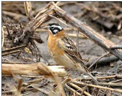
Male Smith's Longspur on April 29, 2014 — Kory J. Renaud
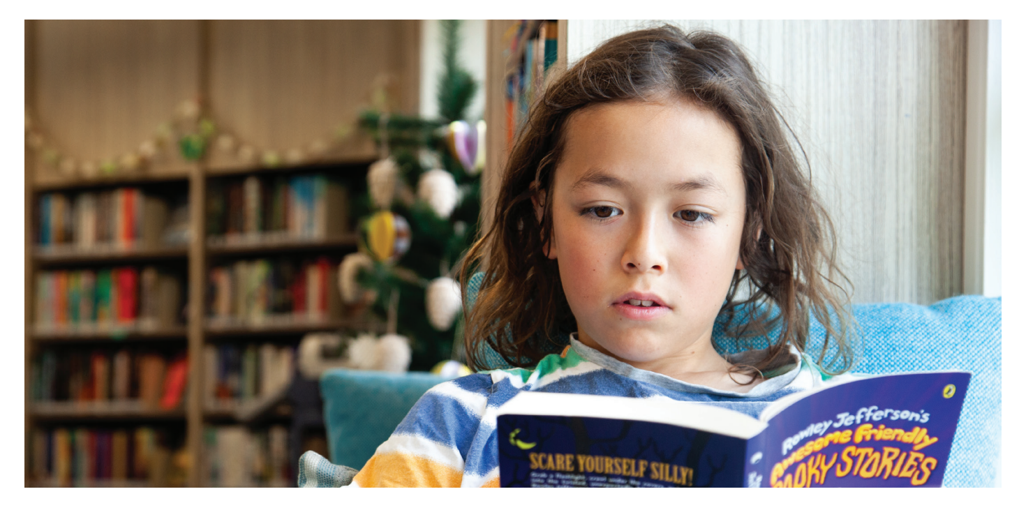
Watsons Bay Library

==

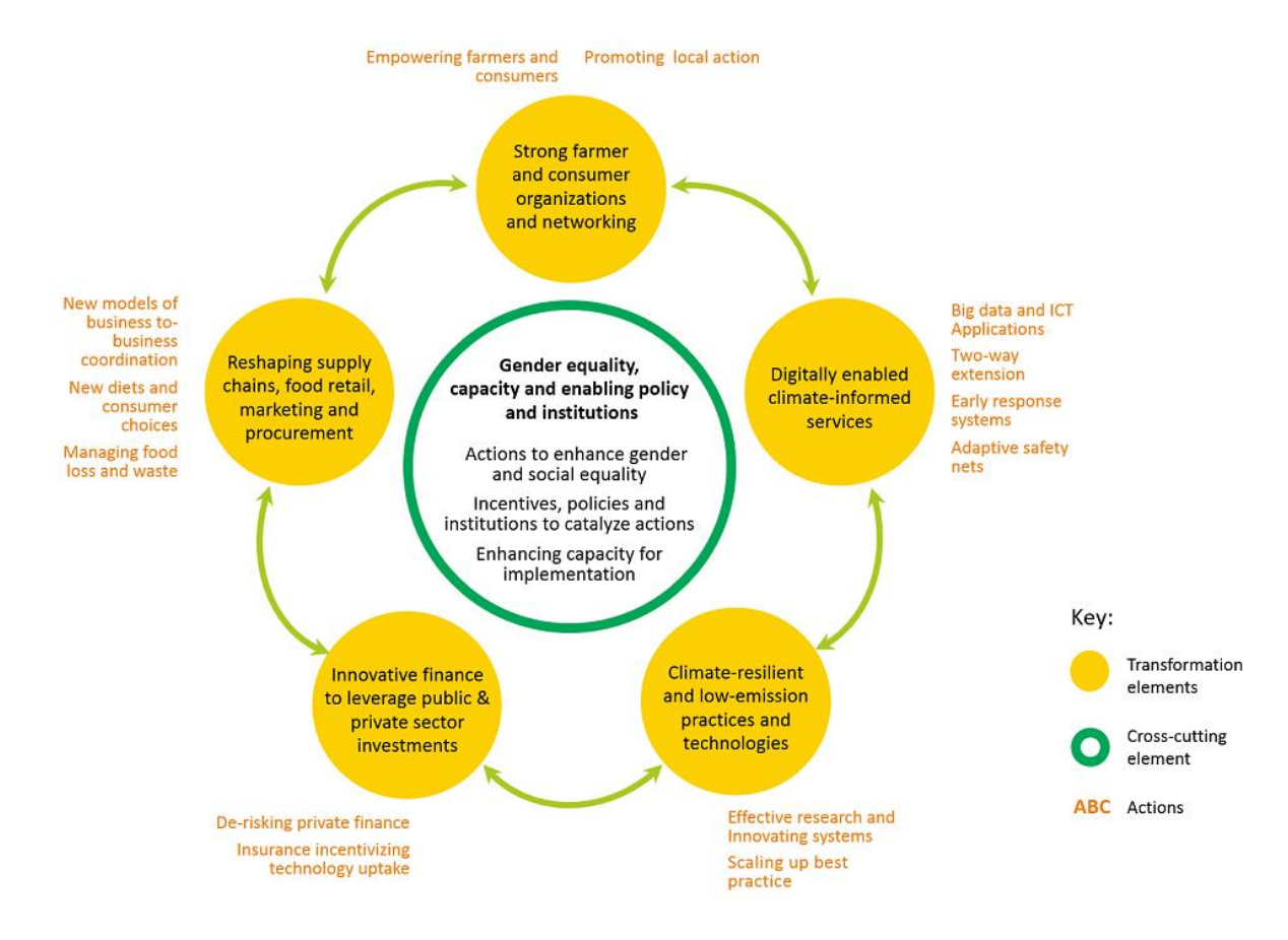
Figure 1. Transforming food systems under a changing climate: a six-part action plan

**BRIEF:** Among the records above, locate the line containing "Male Smith's Longspur" and the line containing "Watsons Bay Library", then transcribe exactly the lines starting at the first and ending at the second, with no pictures.

**SOLUTION TO THE EXERCISE:**
Male Smith's Longspur on April 29, 2014 — Kory J. Renaud
Watsons Bay Library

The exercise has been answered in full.